PETALING JAYA: Anguished parents cried foul over the soft landing approach to the PPSMI (teaching of Science and Maths in English) policy that has come to an abrupt halt in many schools.

Malacca Action Group for Parents in Education (Magpie) chairman Mak Chee Kin said teachers from several schools in the state had been told not to continue teaching Maths and Science in English by trainers from the Education Ministry.

“The teachers were informed by the trainers that since Science and Maths will be assessed in Bahasa Malaysia under PBSMR (Pentaksiran Berasaskan Sekolah Menengah Rendah) starting this year, there was no need to continue teaching the subjects in English,” he said during a protest organised by Association of Parents and Individuals towards Revising the Education System.

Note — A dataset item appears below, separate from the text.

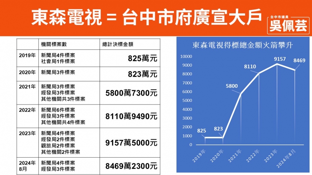 吳佩芸強調,東森電視在2019年自臺中市政府新聞局、社會局共取得825萬元標案,2021年開始自新聞局、經濟發展局取得5800萬餘元標案,甚至2022年到2024年每年得標總金額都是近億元規模。

A circular released by the ministry dated Dec 13 last year stated that there would be a bilingual written test for Science and Maths under PBSMR, the school-based assessment introduced to replace the Penilaian Menengah Rendah examination.

In 2009, the Education Ministry announced the withdrawal of the PPSMI policy although both subjects would be taught in English and Bahasa Malaysia until 2020, when the final batch of students involved in the policy completed their secondary education.

 
Parents making their stand against the PPSMI policy in Petaling Jaya.

Mak also claimed that Science and Mathematics textbooks in English were not replenished causing a shortage in schools.

“It’s not a soft landing, it’s a sharp landing. Parents feel cheated and deceived by the Education Ministry,” Mak said during the gathering with a turnout of over 30 parents.

Parent Action Group for Education (Page) chairman Datin Noor Azimah Abdul Rahim urged parents to bring up the matter with the school principals if they were not given the option of letting their children learn Science and Maths in English.

“As far as PPSMI is concerned, soft landing is a perennial problem where there are school principals who do not allow the subjects to be taught in English.

“This is insubordination to the order by the ministry.

“If there are parents and students who want English, the principal has to abide by that, the principal cannot make decisions on behalf of parents and students, there must be consultation involved,” said Noor Azimah.

She revealed that parents from several schools in the Klang Valley had complained about the soft landing issue.